The present invention provides novel imidazo[4,5-c]quinoline and imidazo[4,5-c][1,5]naphthyridine derivatives of Formula (I), and the pharmaceutically acceptable salts thereof;;wherein R1, R1a, R1b, R2, R4, R5, R6, X and Z are as defined in the specification.

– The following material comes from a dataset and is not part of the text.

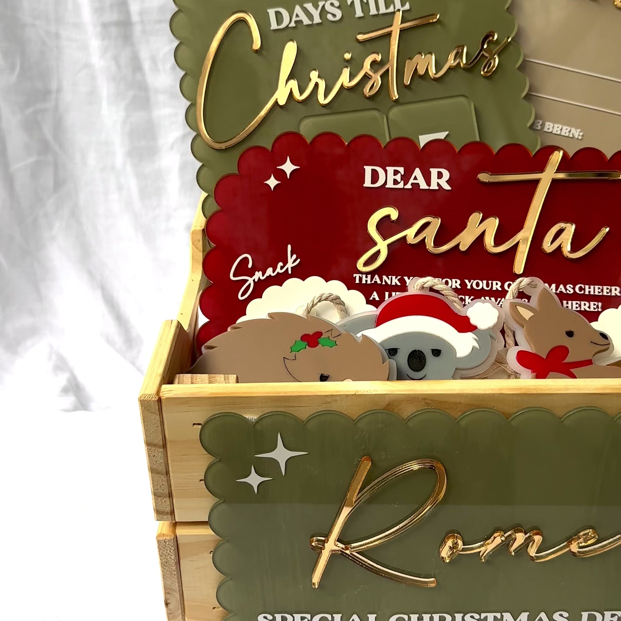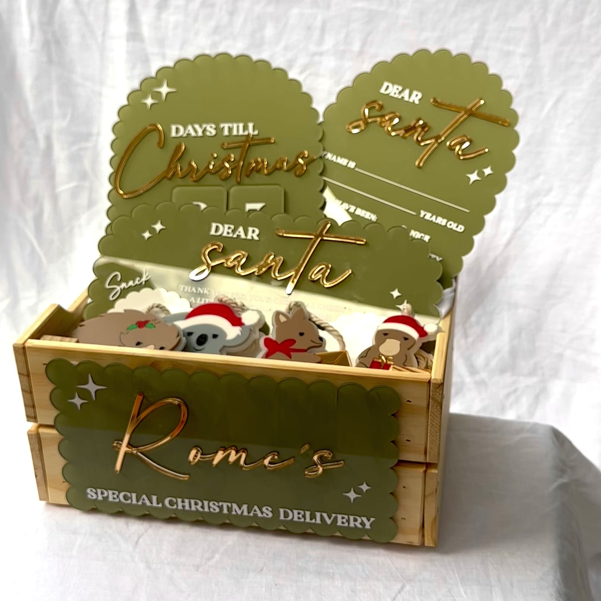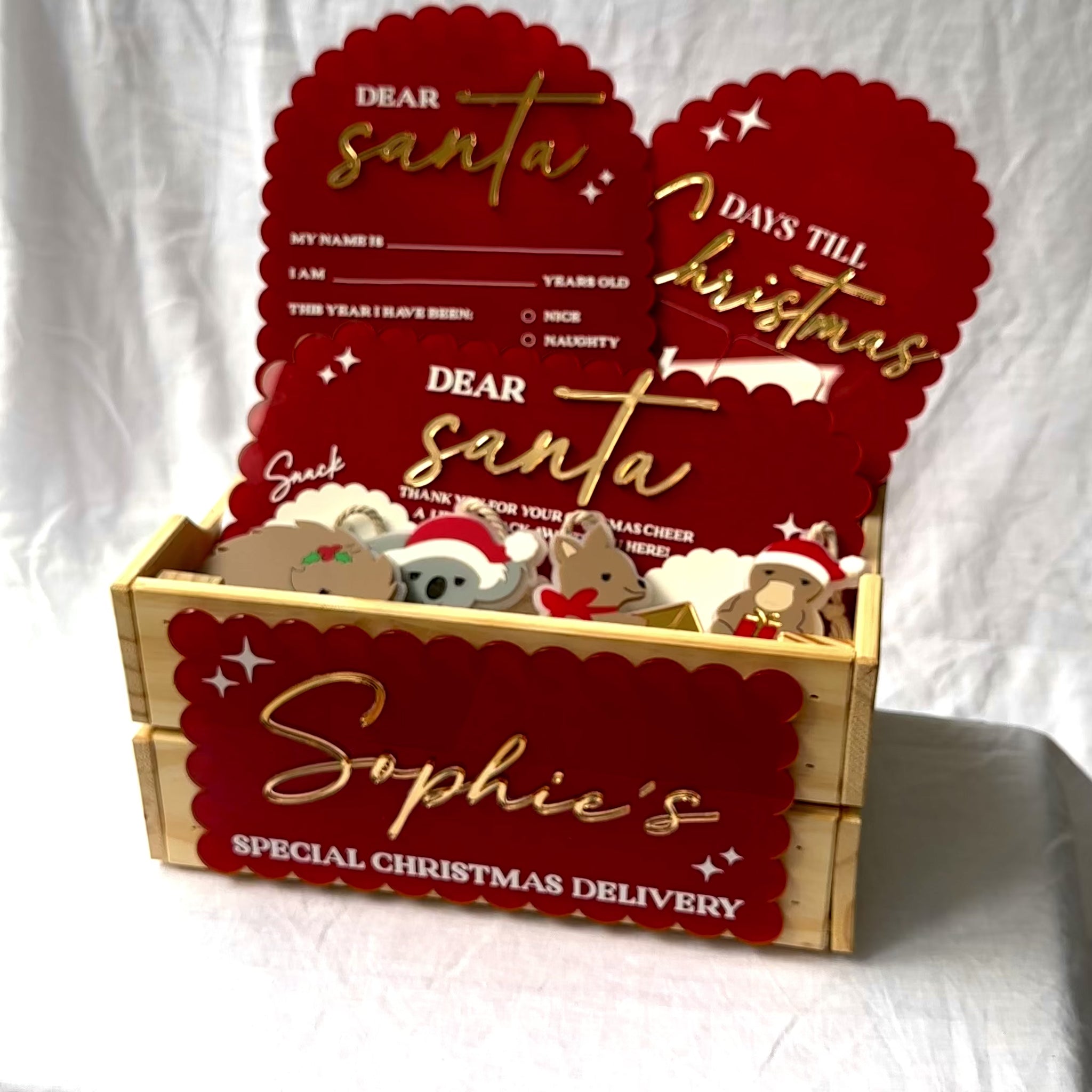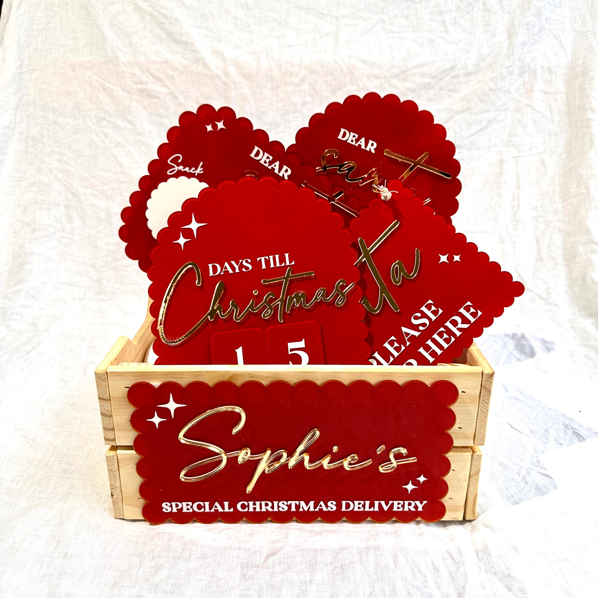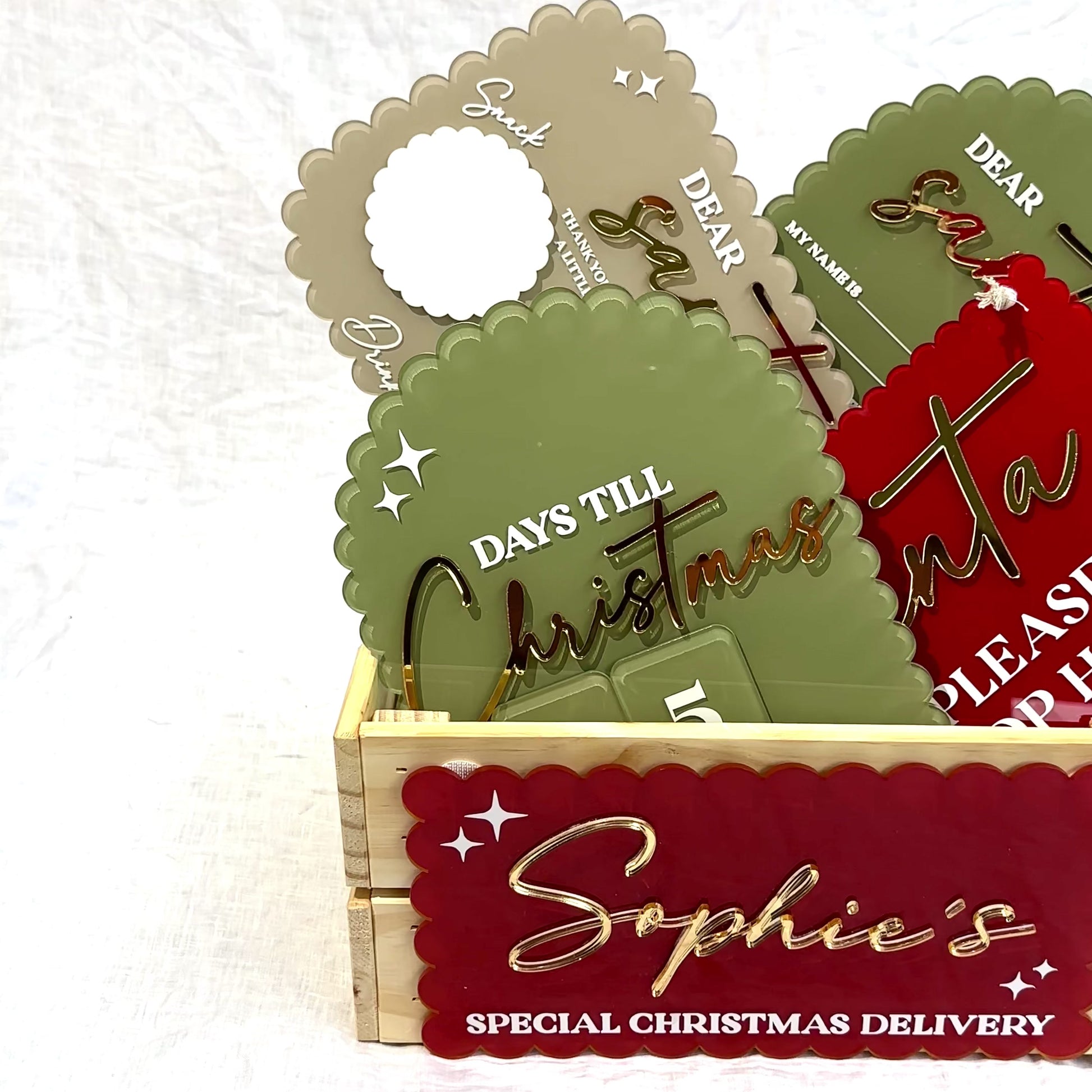 🪵 Custom Wooden Crate – a beautifully crafted keepsake to fill with Christmas Eve treats and surprises.

The invention is also directed to pharmaceutical compositions comprising the compounds of Formula (I) and to use of the compounds in the treatment of diseases associated with LRRK2, such as neurodegenerative diseases including Parkinson's disease or Alzheimer's disease, cancer, Crohn's disease or leprosy.

主权项

1. A compound of Formula (I) or a pharmaceutically acceptable salt thereof; wherein X is CR7 or N; Z is CR3 or N; R1 is selected from the group consisting of hydrogen, cyano and a 5- to 10-membered heteroaryl which contains 1 to 5 heteroatoms independently selected from N, O and S; wherein the 5- to 10-membered heteroaryl is optionally substituted with 1 to 3 R8; R1a and R1b are each independently hydrogen, halo, hydroxy or C1-C3alkyl; or R1a and R1b taken together with the carbon to which they are attached are a C3-C6cycloalkyl or C(O); R2 is a C1-C6alkyl, C3-C7cycloalkyl or a 4- to 7-membered heterocycloalkyl which contains 1 to 3 heteroatoms independently selected from NR, O and S; wherein the C3-C7cycloalkyl and 4- to 7-membered heterocycloalkyl are each optionally substituted with 1 to 3 R9; and wherein the C1-C6alkyl is optionally substituted with 1 to 3 R10; R is hydrogen, C1-C6alkyl or absent; R3, R4, R5, R6 and R7 are each independently selected from the group consisting of hydrogen, deutero, amino, halo, hydroxy, cyano, C1-C6alkyl, C3-C6cycloalkyl and C1-C6alkoxy; wherein the C1-C6alkyl, C3-C6cycloalkyl and C1-C6alkoxy are each optionally substituted with 1 to 3 halo or C1-C3alkoxy; R8 at each occurrence is independently selected from the group consisting of halo, —C(O)NH2, —C(O)NH(C1-C3alkyl), —C(O)N(C1-C3alkyl)2, C1-C6alkyl, C1-C6alkoxy and C3-C6cycloalkyl; wherein the C1-C6alkyl, C1-C6alkoxy and C3-C6cycloalkyl are each optionally substituted with 1 to 3 halo, cyano, hydroxy or C1-C3alkoxy; R9 at each occurrence is independently selected from the group consisting of halo, hydroxy, C1-C6alkyl, C1-C6alkoxy, and C1-C6alkoxyC1-C6alkyl, wherein the C1-C6alkyl, C1-C6alkoxy, and C1-C6alkoxyC1-C6alkyl are optionally substituted with one to three halo or a cyano; and R10 at each occurrence is independently selected from the group consisting of halo, C1-C6alkoxy, C1-C6thioalkoxy, amino, C1-C6alkylamino and di(C1-C6alkyl)amino.